Vous avez récemment participé à des essais avec Duqueine. Comment se sont passés ces premiers roulages ?

« Oui, c’était au Paul Ricard. Entre les courses aux États-Unis et les essais ELMS, j’étais un peu fatigué à chaque retour, mais tout s’est très bien passé. Richard (Verschoor) est un très bon coéquipier, quelqu’un de très agréable. Maintenant, il faut voir ce que ça donnera une fois en piste en conditions de course. »

Le fait de rejoindre une équipe française a-t-il pesé dans votre décision ?

« Pas forcément. Ce n’est pas un critère déterminant. Ce qui compte avant tout, c’est gagner. Que l’équipe soit française, japonaise ou australienne, cela ne change pas grand-chose. En revanche, c’est vrai que Gilles Duqueine est toujours un peu impliqué dans le projet. Cela faisait plusieurs années que nous nous disions qu’il serait intéressant de travailler ensemble, surtout en tant que Lyonnais. Je l’ai vu ce matin et je lui ai dit : ‘Enfin, on a réussi à faire quelque chose ensemble.’ C’est plutôt sympa. »

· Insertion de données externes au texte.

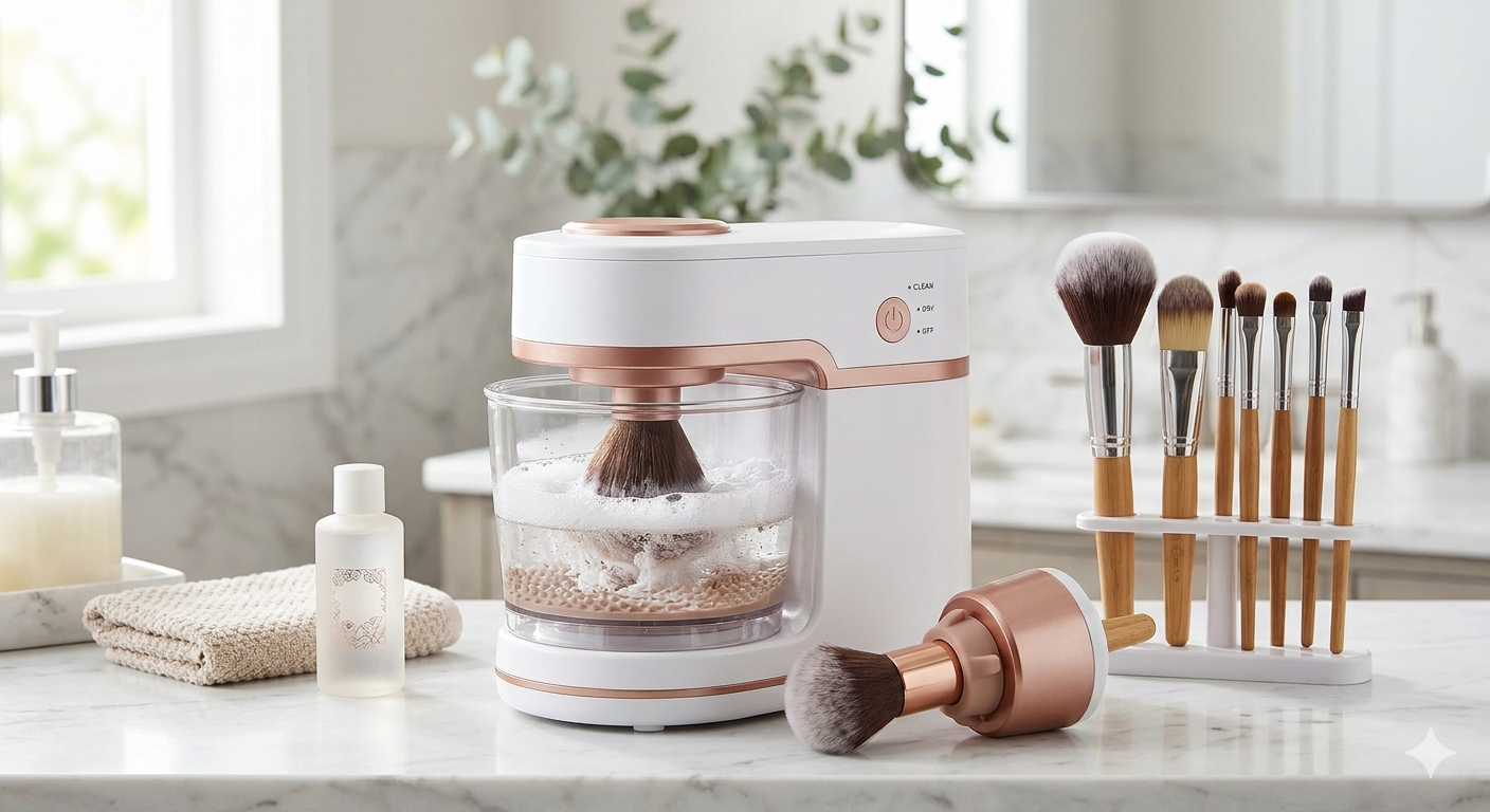 The 3-in-1 Electric Makeup Brush Cleaner is a versatile beauty tool designed to clean, dry, and maintain your makeup brushes effortlessly. Its powerful motor and multiple brush size adapters ensure a thorough cleanse for all types of brushes, removing makeup residue and bacteria in minutes. The device features a convenient spinning mechanism that gently washes and dries brushes without damaging bristles, saving time and improving hygiene. Compact and easy to use, it is ideal for both home and professional use, keeping your brushes in perfect condition for flawless makeup application every time.

Copyright Laurent Cartalade / MPS Agency.

Vous êtes désormais habitué aux Hypercars . Comment s’est passée votre adaptation à la LMP2 ?

« J’avais déjà roulé en LMP2 lors des deux dernières éditions du Mans, mais je n’avais plus piloté cette voiture depuis. Ce qui a demandé le plus d’adaptation, c’est surtout le pneumatique Goodyear, qui reste assez particulier. En plus, j’ai eu très peu de roulage pendant les deux journées de tests. Il fallait être immédiatement dans le rythme et travailler sur la voiture. Je reste assez confiant. Nous avons un bon package globalement. L’équipe travaille très bien. C’est une nouvelle organisation avec de nouvelles personnes. Avec l’arrivée de RS, ils ont regroupé beaucoup de potentiel et de compétences. Il faut encore coordonner tout cela, mais je vais essayer d’apporter mon expérience des dernières années et du Mans pour exploiter pleinement ce potentiel. »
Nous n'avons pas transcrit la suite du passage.